Aquaculture North America

Activists raise alarm over herring killed in B.C. salmon farm operations

March 20, 2024
By Matt Jones

Scum on water pictured near hydrolicing barge Photo: Clayoquot Action

The Watershed Watch Salmon Society (WWSS) are raising concern after Department of Fisheries and Oceans Canada (DFO) data showed a spike in wild fish killed in B.C. salmon farming operations. 

The DFO data shows that more than 800,000 wild fish – mostly herring – were reported killed in open-net pen farming operations in 2022, a significant increase over previous years.

“We’re seeing unprecedented levels of wild fish caught and killed by the salmon farming industry, and that’s a great concern,” Stan Proboszcz, senior scientist with WWSS was quoted by the CBC.

One company operating in the area, Cermaq, said in a statement that efforts are underway to significantly mitigate incidental catches.

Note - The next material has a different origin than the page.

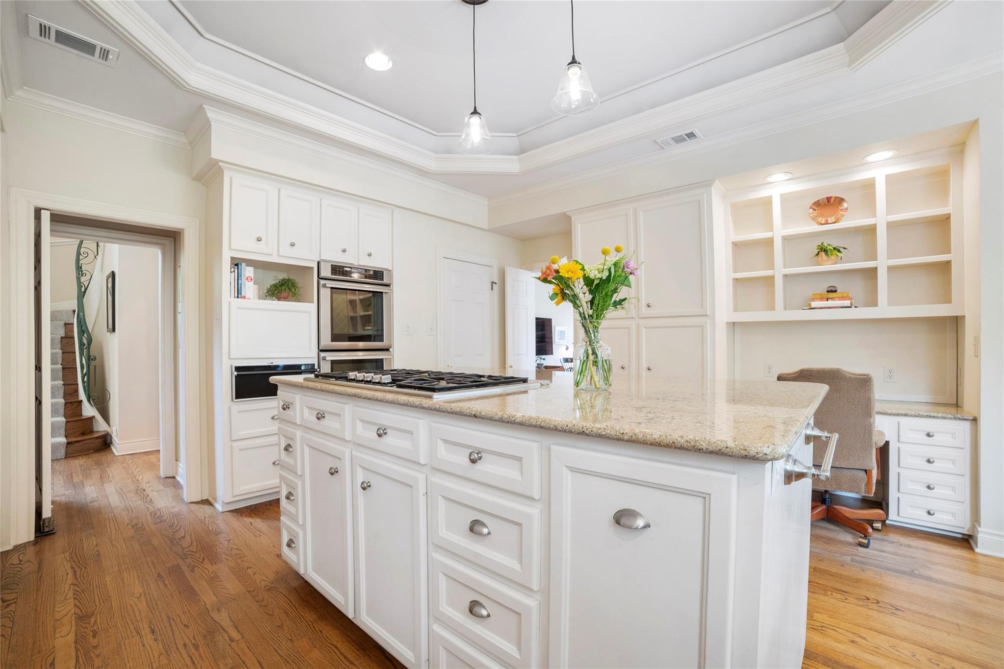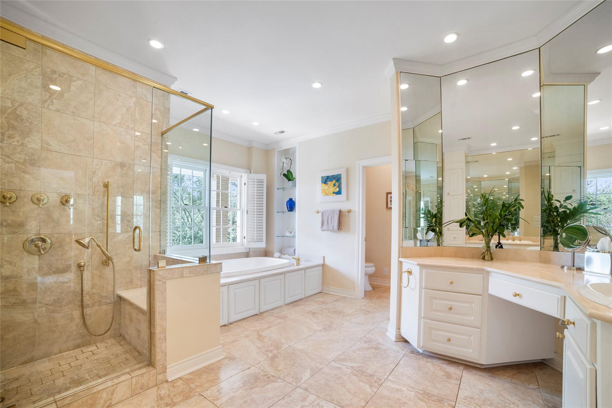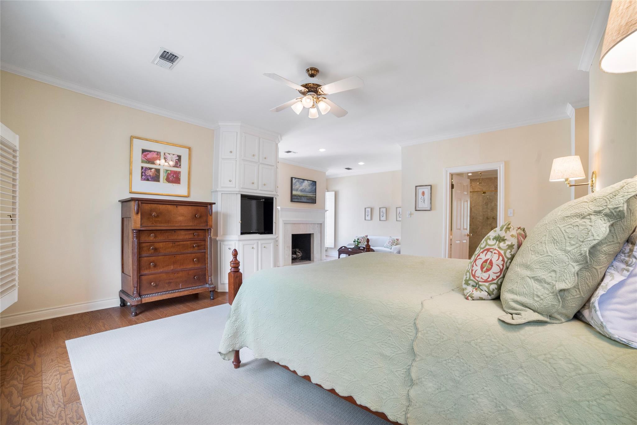 Chef’s kitchen features a large Quartz island as a focal point appealing to those who enjoy culinary pursuits as well as a 5 burner gas cooktop, double ovens, a warming drawer, cozy breakfast nook and built-in desk for keeping the home running smoothly. A well-appointed Butler's pantry/bar area bridges the kitchen dining and living areas, enhancing the home's entertainment flow. The primary suite stands as a testament to luxury and relaxation, featuring a fireplace, study, sitting area, and an opulent ensuite bathroom with a walk-in shower and soaking tub.
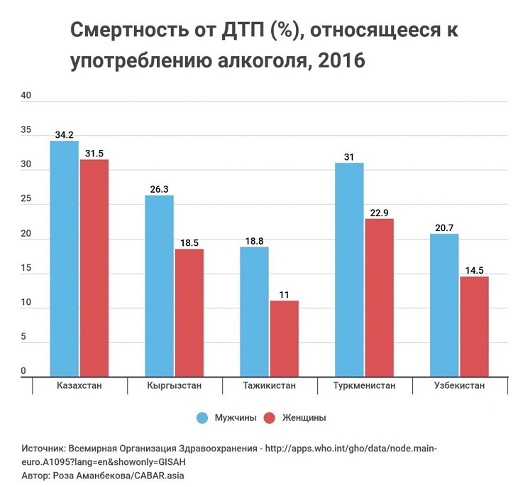 В 2016 году в Казахстане процент смертности от ДТП, связанного с употреблением алкоголя, равняется 34.2 % для мужчин и 31.5 % для женщин. Вторым в списке стоит Туркменистан, где процент смертности от ДТП вследствие употребления алкоголя, составляет 31 % для мужчин и 22.9 % для женщин. За ними следуют Кыргызстан, Узбекистан и Таджикистан.

They also attribute the higher numbers of wild fish kills to abnormally high numbers of herring in the area, which DFO have confirmed.


“DFO saw an increase in estimated spawning abundance in 2023 which was likely preceded in 2022 by an increase in juvenile herring abundance which typically inhabits the nearshore areas,” said a DFO spokesperson.

Concern was also raised regarding the use of hydrolicing machines, which power wash farmed salmon to remove parasites, accompanied by stories of smaller fish like herring getting caught in the machines and having “their eyes blown out.” In response to these issues, DFO implemented new license conditions in March 2023 to ensure that wild fish are not impacted during sea lice treatments.

“If those efforts fail, operators are required to stop the treatment immediately, address the issue, and report the incident to DFO,” said the DFO spokesperson. “In addition, incidental catch must now be reported quarterly by aquaculture operators instead of at the end of production cycles.”

DFO has also increased unannounced inspections and continues to monitor wild fish mortalities.